Ancak art niyetli ve kirli insanlara karşı iyi niyetli hareket etmek, can sıkıcı, zarar verici ve üzücü olaylarla karşılaşmaya sebep olur.
Bu nedenle iyi niyetli hareket etmenin de bir haklı gerekçesi ve dayanağı bulunmalıdır.
Kıbrıs sorununda, ortağı olduğumuz 1960 Kıbrıs Cumhuriyetinden silah zoru ile atıldığımız ve mağdur olduğumuz inkar edilemeyen bir gerçektir.
Güneydeki yönetimin de 1960’da kurulan iki toplumlu yasal Kıbrıs cumhuriyeti olmadığı biliniyor.
Bilinen gerçeklere ve mağdur olmamıza rağmen, karşı tarafa sürekli olarak alttan alıyoruz, ödün veriyoruz ve iyi niyetli hareket ediyoruz.

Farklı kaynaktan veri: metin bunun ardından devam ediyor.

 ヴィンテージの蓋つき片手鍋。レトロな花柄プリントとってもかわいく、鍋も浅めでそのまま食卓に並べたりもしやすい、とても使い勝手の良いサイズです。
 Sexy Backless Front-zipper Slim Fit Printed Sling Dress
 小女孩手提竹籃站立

Şimdiye kadar hazırlanan tüm çözüm seçeneklerini Rumların kabul etmemesine rağmen biz kabul ettik;
Dip Karpaz’da yaşayan Rum’lar için ilk okul yanında, lise açılmasına izin vermemize karşın, Rum yönetimi Leymosun’da yaşayan Türkler için ilk okul açılmasına izin vermedi;
KKTC’de yaşayan Rum’lara gümrük vergisi ödemeden güneyden gıda maddeleri gönderilmesine izin verdik;
Haklarımızın gasp edilmesine rağmen, biz yine de Rumlara karşı iyi niyetli hareket ediyoruz. Ancak, onlar hiçbir olumlu karşılıkta bulunmamaktadır.

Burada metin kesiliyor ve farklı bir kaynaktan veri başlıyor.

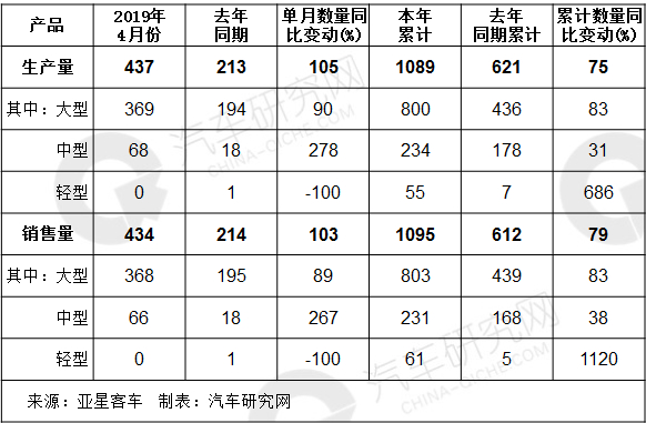 4月,亚星客车销量为434辆,同比增长103%;1-4月,亚星客车销量为1095辆,同比增长79%。 [详细]

Haklarımızı gasp eden taraf olmasına rağmen, bir de bizi ekonomik ve sportif ambargolarla cezalandırmakta ve yaşamımızı zorlaştırmaktadır.
KKTC’de cinayet işleyip güneye sığınan canilerin yargılanması için, bize teslim edeceklerine sınır dışı ederek ülkelerine gönderiyorlar;
KKTC yetilileri eski EOKA’cıya Kozanköy’deki arsasına kont yapmasına ve orada oturmasına izin verdi. Rum yönetimi ise halen Leymosun hastanesinde staj yapan KC vatandaşı Türk’e yetkili görevli ‘ Devlet için tehdit oluşturabilecek kişilere taşınmaz mal devri yapılamaz’ diyerek bedelini ödediği konutun mal devrini yapmadı.
KKTC’deki otellerde tatil yapmak için güneydeki uçak alanlarından giriş yapan gelen yabancın turistleri ülkelerine geri gönderiyorlar;
Özetle haklarımızı gasp etmelerine rağmen, biz hala daha onlara karşı iyi niyetli hareket ettiğimiz halde onlar bize karşı hep düşmanca davranmaktadır.
Rum yönetiminin ‘Devlet için tehdit oluşturabilecek kişilere taşınmaz mal devri yapılmaz’ gerekçesi ile 5 yıldan beri Leymosun hastanesinde staj yapan Türk’ün güneyde konut satın almasına izin vermemesine karşın;
Hükümetimizin, 1974’de güneyde yaşamayı tercih eden ve Rum ordusunda askerlik yapan Maronit’lere yeni ev inşa ederek KKTC’ne getirmeye çalışması;
Ayrıca EOKA üyesi olduğu açıklanan Rum’un Kozanköyde ev inşa ederek orada ikametine izin vermesi, isabetli bir iyi niyet göstergesi olarak kabul edilebilir mi?
Hele bazı kişilerin hiçbir karşılık almadan sırf iyi niyet gösterisi olarak Maraş’ın Rumlara geri verilmesini savunmasının haklı ve mantıklı bir açıklaması olabilir mi?
Bizim iyi niyetimize karşılık vermeyen ve düşmanca davranarak bize zarar vermekte ısrar eden Rumlara sürekli olarak bizim iyi niyet ve açılım safsatası ile ödün vermemizin bize herhangi bir yararı olabilir mi?
Özetle belirtmek gerekirse, kendilerinden beklediğimiz özeni göstermeyen Rumlar karşısında, iyi niyet safsatası ile sürekli olarak alttan almamız, açılım adı altında ödün vermemiz; kullanılan, aldatılan, sömürülen, zarar gören, aşağılanan, değeri bilinmeyen duruma düşürülmemize sebep olmaktadır.